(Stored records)
# # # # #

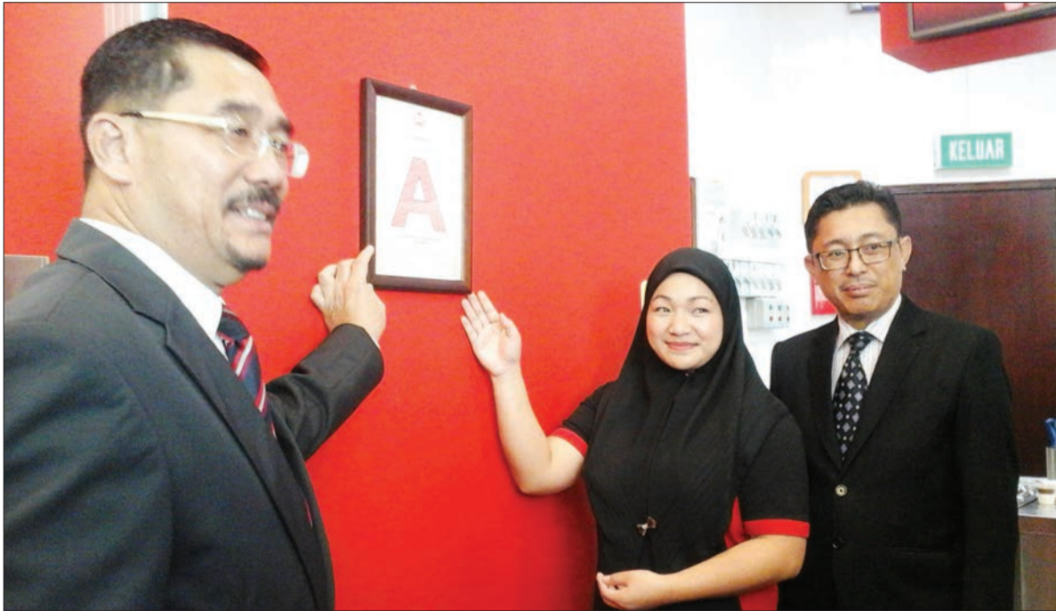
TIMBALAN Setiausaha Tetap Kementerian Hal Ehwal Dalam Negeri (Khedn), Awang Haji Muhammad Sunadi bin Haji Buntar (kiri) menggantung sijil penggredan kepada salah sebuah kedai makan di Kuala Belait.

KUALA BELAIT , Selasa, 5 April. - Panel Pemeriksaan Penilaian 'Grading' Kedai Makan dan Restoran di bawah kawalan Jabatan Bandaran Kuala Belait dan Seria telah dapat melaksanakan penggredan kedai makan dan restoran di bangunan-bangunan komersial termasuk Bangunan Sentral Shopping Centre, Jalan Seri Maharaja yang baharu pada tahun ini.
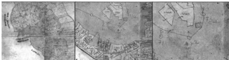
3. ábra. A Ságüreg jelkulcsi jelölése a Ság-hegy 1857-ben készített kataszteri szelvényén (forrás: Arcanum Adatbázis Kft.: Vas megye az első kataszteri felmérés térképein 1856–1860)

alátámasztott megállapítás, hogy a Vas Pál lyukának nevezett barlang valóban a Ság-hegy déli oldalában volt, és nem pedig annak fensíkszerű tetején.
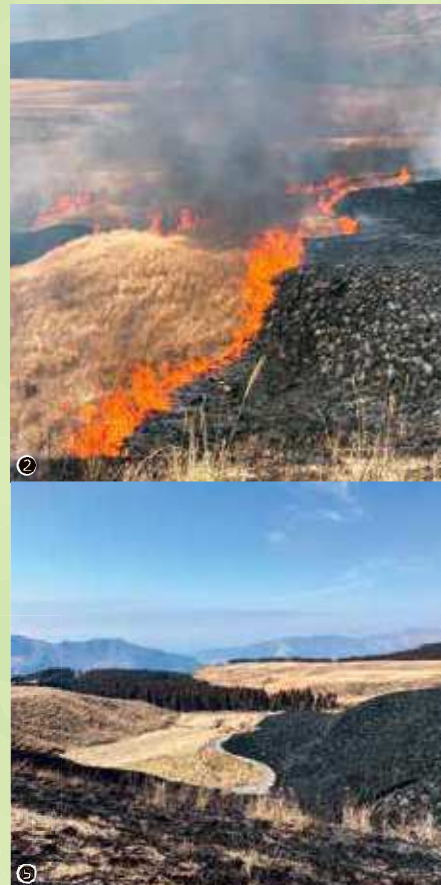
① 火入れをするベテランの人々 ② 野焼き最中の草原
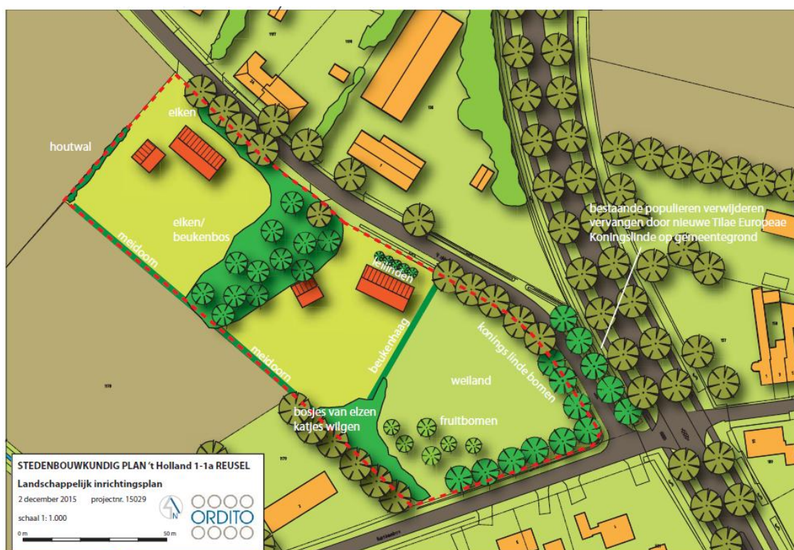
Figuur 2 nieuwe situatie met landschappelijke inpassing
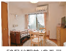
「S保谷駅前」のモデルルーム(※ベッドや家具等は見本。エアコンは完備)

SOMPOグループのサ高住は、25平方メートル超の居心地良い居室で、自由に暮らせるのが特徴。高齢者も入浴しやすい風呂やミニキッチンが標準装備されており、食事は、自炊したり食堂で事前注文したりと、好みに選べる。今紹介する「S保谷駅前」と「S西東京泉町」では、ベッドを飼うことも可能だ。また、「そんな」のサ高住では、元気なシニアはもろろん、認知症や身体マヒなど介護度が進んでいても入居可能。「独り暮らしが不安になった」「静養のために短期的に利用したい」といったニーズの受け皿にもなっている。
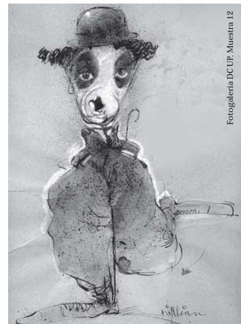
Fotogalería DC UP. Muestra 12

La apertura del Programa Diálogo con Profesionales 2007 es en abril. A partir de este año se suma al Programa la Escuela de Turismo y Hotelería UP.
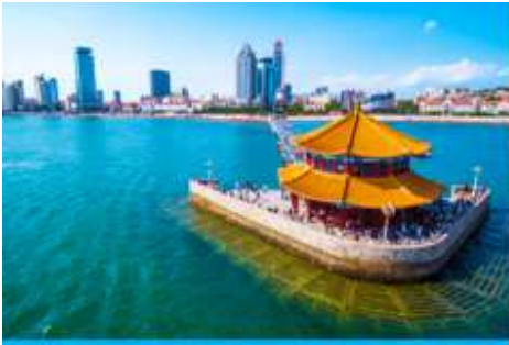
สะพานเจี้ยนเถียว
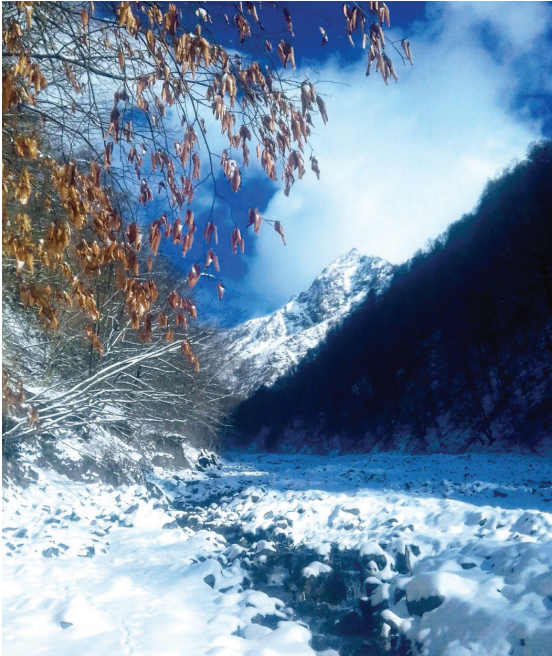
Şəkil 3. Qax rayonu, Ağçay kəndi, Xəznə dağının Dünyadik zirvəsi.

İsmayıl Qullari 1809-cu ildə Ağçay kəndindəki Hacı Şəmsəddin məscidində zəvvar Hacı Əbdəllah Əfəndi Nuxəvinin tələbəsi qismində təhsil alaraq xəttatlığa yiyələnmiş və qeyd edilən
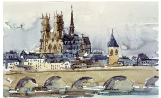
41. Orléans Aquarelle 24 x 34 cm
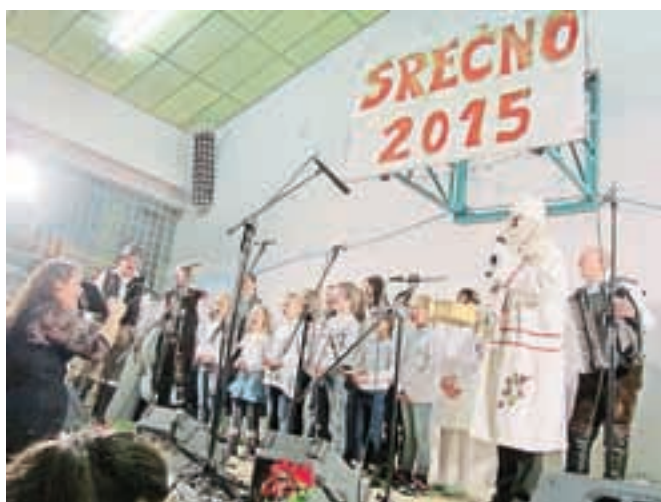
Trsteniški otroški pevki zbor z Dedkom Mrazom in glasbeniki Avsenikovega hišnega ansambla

# # # # #

**What to do:** Throughout the records above, find the lines in which the word "S保谷駅前" appears and return them.

**Task solution:**
「S保谷駅前」のモデルルーム(※ベッドや家具等は見本。エアコンは完備)
SOMPOグループのサ高住は、25平方メートル超の居心地良い居室で、自由に暮らせるのが特徴。高齢者も入浴しやすい風呂やミニキッチンが標準装備されており、食事は、自炊したり食堂で事前注文したりと、好みに選べる。今紹介する「S保谷駅前」と「S西東京泉町」では、ベッドを飼うことも可能だ。また、「そんな」のサ高住では、元気なシニアはもろろん、認知症や身体マヒなど介護度が進んでいても入居可能。「独り暮らしが不安になった」「静養のために短期的に利用したい」といったニーズの受け皿にもなっている。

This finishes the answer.